Also, your blog post made me think that this application of the Single Responsibility Principle makes a lot of sense to integrate into cucumber step definitions down to maybe the link/id/css class level? Instead of calling a link or id directly, you call a method that returns the link/id. That way if you change a link or id, there's only one place to change it...that seems like it might cure the brittleness i'm hurting from and keep the features exact.

@Bill Christian - to add to @moabite's comments, I think the controller is supposed to interact and know about models. Certainly, the view shouldn't make model calls, but the controller has to - it's the middle man between the two, no? Or maybe I miss your point?

I think you keep model/controller responsibilities separated by keeping the controller focused on scoping models and referring to as few model attributes as possible.

@MissingHandle: I never thought the view shouldn't make model calls as it is the necessary data to display. Which models to use is the controller's responsibility.

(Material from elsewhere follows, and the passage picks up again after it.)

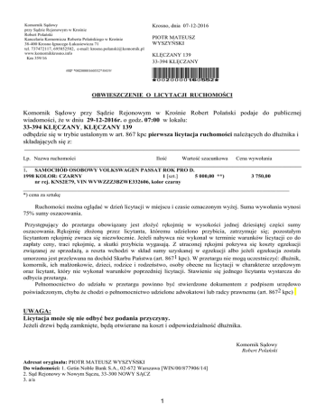 Komornik Sądowy przy Sądzie Rejonowym w Krośnie Robert Polański Kancelaria Komornicza Roberta Polańskiego w Krośnie 38-400 Krosno Ignacego Łukasiewicza 71 tel. 737472117, 695852502, e-mail: [email protected] www.komornikkrosno.info Km 359/16 #RP *0020000160552*/0419/ Krosno, dnia 07-12-2016 PIOTR MATEUSZ WYSZYŃSKI KLĘCZANY 139 33-394 KLĘCZANY *0020000160552* OBWIESZCZENIE O LICYTACJI RUCHOMOŚCI Komornik Sądowy przy Sądzie Rejonowym w Krośnie Robert Polański podaje do publicznej wiadomości, że w dniu 29-12-2016r. o godz. 07:00 w lokalu: 33-394 KLĘCZANY, KLĘCZANY 139 odbędzie się w trybie ustalonym w art. 867 kpc pierwsza licytacja ruchomości należących do dłużnika i składających się z: ____________________________________________________________________________________________________ Lp. Nazwa ruchomości Ilość Wartość szacunkowa Cena wywołania _____________________________________________________________________________________________________ 1. SAMOCHÓD OSOBOWY VOLKSWAGEN PASSAT ROK PRO D. 1998 KOLOR: CZARNY 1 [szt.] 5 000,00 **) 3 750,00 nr rej. KNS2E79, VIN WVWZZZ3BZWE332606, kolor czarny _______________________________________________________________________________________________________________________ *) cena za sztukę Ruchomości można oglądać w dzień licytacji w miejscu i czasie oznaczonym wyżej. Suma wywołania wynosi 75% sumy oszacowania. Przystępujący do przetargu obowiązany jest złożyć rękojmię w wysokości jednej dziesiątej części sumy oszacowania. Rękojmię złożoną przez licytanta, któremu udzielono przybicia, zatrzymuje się; pozostałym licytantom rękojmię zwraca się niezwłocznie. Jeżeli nabywca nie wykonał w terminie warunków licytacji co do zapłaty ceny, traci rękojmię, a skutki przybicia wygasają. Z utraconej rękojmi pokrywa się koszty egzekucji związanej ze sprzedażą, a reszta wchodzi w skład sumy uzyskanej w egzekucji albo jeżeli egzekucja została umorzona jest przelewana na dochód Skarbu Państwa (art. 8671 kpc). W przetargu nie mogą uczestniczyć: dłużnik, komornik, ich małżonkowie, dzieci, rodzice i rodzeństwo, osoby obecne na licytacji w charakterze urzędowym oraz licytant, który nie wykonał warunków poprzedniej licytacji. Stawienie się jednego licytanta wystarcza do odbycia przetargu. Pełnomocnictwo do udziału w przetargu powinno być stwierdzone dokumentem z podpisem urzędowo poświadczonym, chyba że chodzi o pełnomocnictwo udzielone adwokatowi lub radcy prawnemu (art. 8672 kpc) UWAGA: Licytacja może się nie odbyć bez podania przyczyny. Jeżeli drzwi będą zamknięte, będą otwierane na koszt i odpowiedzialność dłużnika. Komornik Sądowy Robert Polański Adresat oryginału: PIOTR MATEUSZ WYSZYŃSKI Do wiadomości: 1. Getin Noble Bank S.A., 02-672 Warszawa [WIN/00/877906/14] 2. Sąd Rejonowy w Nowym Sączu, 33-300 NOWY SĄCZ 3. a/a 1

Outside of the DRY-ing up of the controller code, I just am not realizing the advantage of using a controller method call rather than an instance variable. After all, the method is returning the same object. However, I am looking at this from one simple (BUT AWESOME) demonstration. I'll definitely do some experimenting.

Very nice... I would have stopped before installing the gem however. Your example of just adding a couple of methods makes things clear and concise but adding the gem unnecessarily hides the simple logic away making it hard to see exactly what is going on without delving into the gem code/docs.

It looks like I might be the only one, but for some reason I don't like this at all. I've always liked instance variables in the view because the @ makes it very clear where the data is coming from -- the controller. Everything else is either local or a helper method. This makes that much harder to see at a glance.

The other issue is what happens if on an article page you decide to have a "related articles" list and do a loop like:

<% for article in related_articles %>

What happens with 'article' in this case after the loop completes? Seems messy. Yes, I could change 'article' to 'a' or something, but the chance for collision bothers me. Even having to remember that in this case article is not from the controller, but a local variable bother me...

+2 cents.

@Phillip Hallstrom: in the scope of the iterator, article will be passed in and you won't see an article you've exposed via the controller. This is probably fine though, because you're not likely to need to deal with the exposed article inside that iterator.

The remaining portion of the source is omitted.